Mit der Ende 2007 in Kraft getretenen Novellierung der Integrationskursverordnung und der damit u.a. einhergehenden Erhöhung des Stundensatzes auf 2,35 € pro Teilnehmer hat der Bund auf die Kritik reagiert. Neben der qualitativen Verbesserung der Kurse war ein Ziel der Novellierung, den Sprachkursträgern eine Anhebung der Honorare zu ermöglichen. Dies war auch von der nordrhein-westfälischen Landesregierung gefordert worden.
Dieses zweite Ziel ist nicht im erhofften Umfang realisiert worden. Die Kursträger haben offenbar nur einen geringen Teil der Erhöhung zur Verbesserung der Lehrkräftevergütung verwendet.
Nach einem weiteren Gutachten von Rambøll-Management zum Finanzierungssystem der Integrationskurse aus Dezember 2009 bewegt sich die von der Mehrheit der befragten Träger bezahlte Lehrkräftevergütung zwischen 15 € und 30 € pro Unterrichtseinheit. Der für die Gesamtheit der Kursträger ermittelte Mittelwert liegt bei 18,35 €; dies bedeutet im Vergleich zu anderen Berufsgruppen mit ähnlichen Anforderungen in der Tat eine unterdurchschnittliche Vergütung von Lehrkräften in Integrationskursen.
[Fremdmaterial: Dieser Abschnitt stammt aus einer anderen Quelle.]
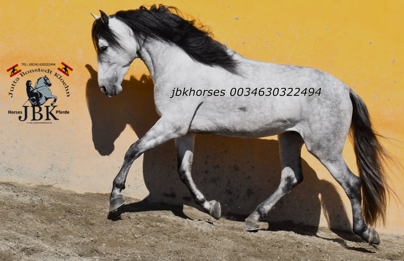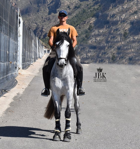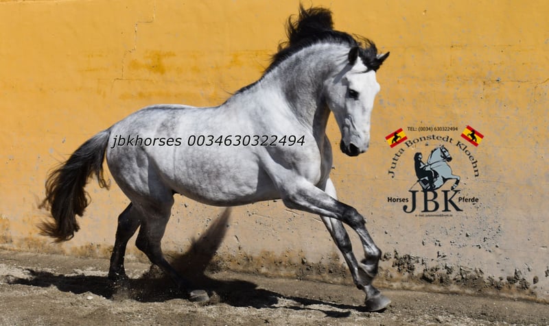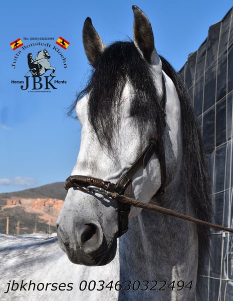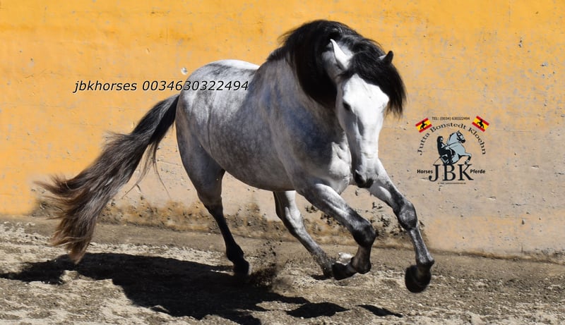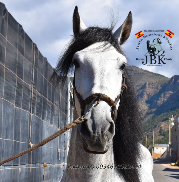 PRE stallion Abogado Arcos was born on 16th May 2021. He was raised in a herd and was stabled at the age of 3. He is now reliably and securely ridden in all gaits. He is also familiar with small outings around the corner. A horse that works solidly and earnestly. You can expect no nonsense from him. His name already stands for sovereignty. Abogado is a grandson of the elite breeding stallion EDUCADO X from the Guardiola breeding line. Miura, Novales, Bariain, Muñoz, and Terry perfectly complement his bloodline.

Auch wenn Ihre Einschätzung, dass die Dozentinnen und Dozenten "mit sittenwidrigen Dumpinghonoraren abgespeist" würden und die Träger "dauernd kurz vor dem Ruin" stünden, im Rambøll-Gutachten keine grundsätzliche Bestätigung findet, hält die nordrhein-westfälische Landesregierung eine angemessene Bezahlung der Lehrkräfte für zwingend erforderlich. Auch eine Rücknahme der vom BAMF im laufenden Jahr ergriffenen Maßnahmen zur Steuerung der Ausgaben bei den Integrationskursen, die zum Teil dazu führen, dass sich das Integrationskursangebot und damit auch die Situation der Lehrkräfte verschlechtert, wird aus Sicht der Landesregierung als notwendig erachtet. Dies gilt insbesondere für die Einschränkungen bei der Kursaufnahme von Zugewanderten, die freiwillig an einem Integrationskurs teilnehmen möchten.
Dies hat Integrationsminister Guntram Schneider in einem Gespräch mit dem Präsidenten des Bundesamtes für Migration und Flüchtlinge sehr deutlich gemacht. Auf Anregung Nordrhein-Westfalens wird sich auch die Integrationsministerkonferenz mit der Thematik befassen.
Lassen Sie mich abschließend die Gelegenheit nutzen, Ihnen für Ihre Arbeit "an der Basis" herzlich zu danken und Sie zu ermutigen, Ihr hohes Engagement bei der Ausübung Ihrer wichtigen Aufgabe aufrecht zu erhalten.